You can use the struct module to build binary strings from arbitrary layouts.

That can only generate byte-aligned structures, but you'll need to be byte aligned to send on the network socket anyway.

EDIT:

So the format you're generating really does have non-aligned bits 8-1-1-2-12-16 etc.

In order to send on a socket you'll need to be byte aligned, but I guess that the protocol handles that some how. (maybe with padding bits somewhere?)

My new suggestion would be to build up a bit string, then chop it up into 8-bit blocks and convert from there:

input_binary_string = "110010111111111111101010" ## must be a multiple of 8
out = []
while len(input_binary_string) >= 8:
    byte = input_binary_string[:8]
    input_binary_string = input_binary_string[8:]
    b = int(byte,2)
    c = chr(b)
    out.append(c)
## Better not have a bits left over
assert len(input_binary_string) == 0
outString = "".join(out)

print [ ord(c) for c in out ]
Douglas Leeder
Struct can't seem to handle adding just one bit... am I missing something?
RogueFalcon
the smallest unit of data that can be used with the struct module and with sockets is 1 byte
Steg
I assume then that means the struct module doesn't help me.
RogueFalcon
When you send on a socket you're going to need byte aligned blocks.All protocols I've ever seen are byte-aligned - are you sure ATSC PSIP isn't?
Douglas Leeder
I checked out ATSC PSIP (http://www.atsc.org/standards/a_65cr1_with_amend_1.pdf) and it looks like the data structures you need to send around are all byte aligned blocks - its just that, in each block, specific bits can correspond to different fields. so, struct won't get you 100% of the way.

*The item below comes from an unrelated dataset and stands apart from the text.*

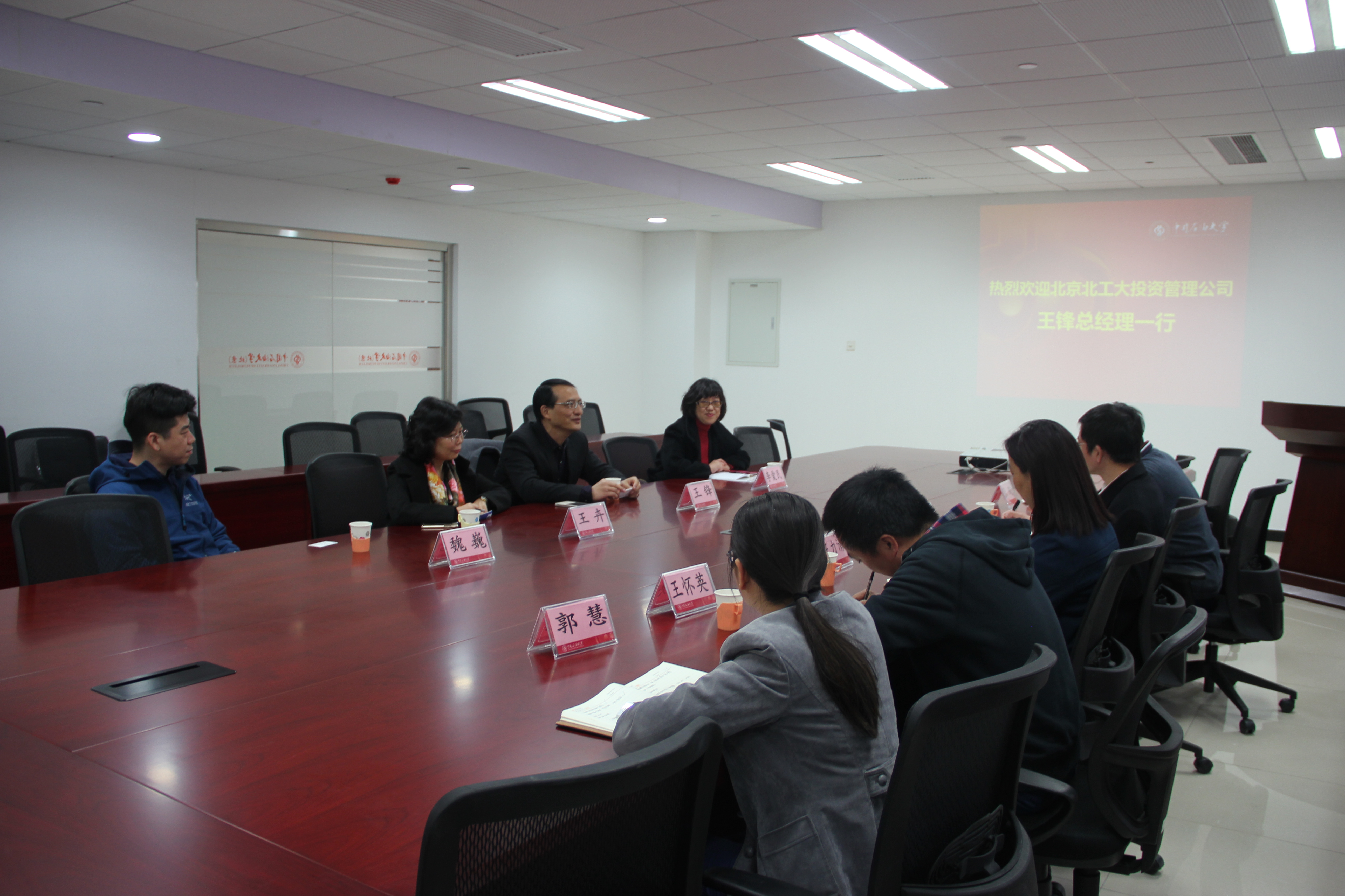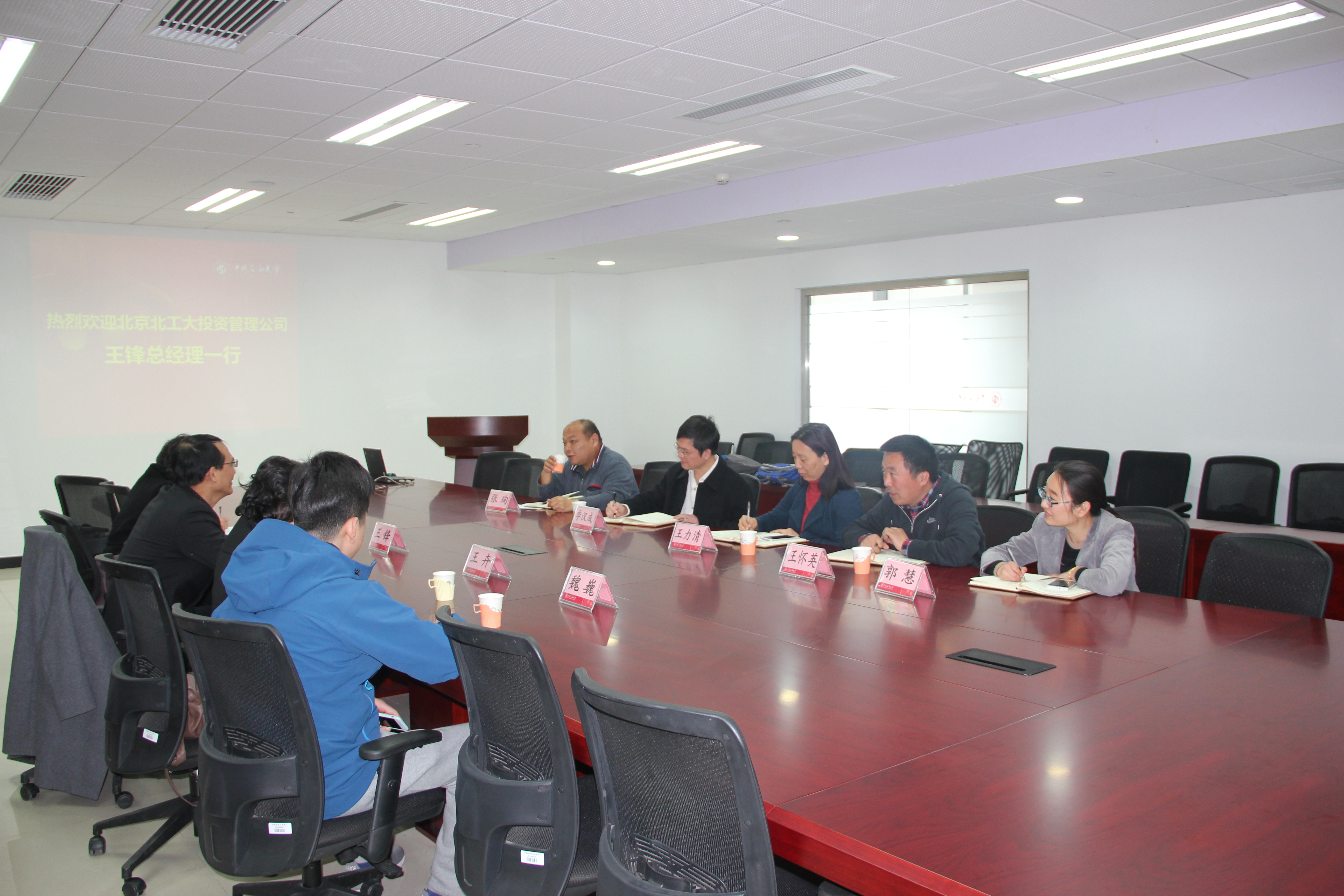 3月10日北京北工大投资管理有限公司总经理王锋一行来科技处走访交流,科技处处长季汉成、副处长王力清、校办企业总公司总经理张珣、科技处相关科室人员参加了此次交流会。

For a particular byte within a block that is split into, say, 3 fields, you would have to construct the value of that byte using standard bit-wise operations (http://docs.python.org/library/stdtypes.html#bit-string-operations-on-integer-types) and then set that byte in the block using the struct module.
Steg
Thanks Douglas! I started working on a similar approach but your method is much cleaner. I really appreciate it.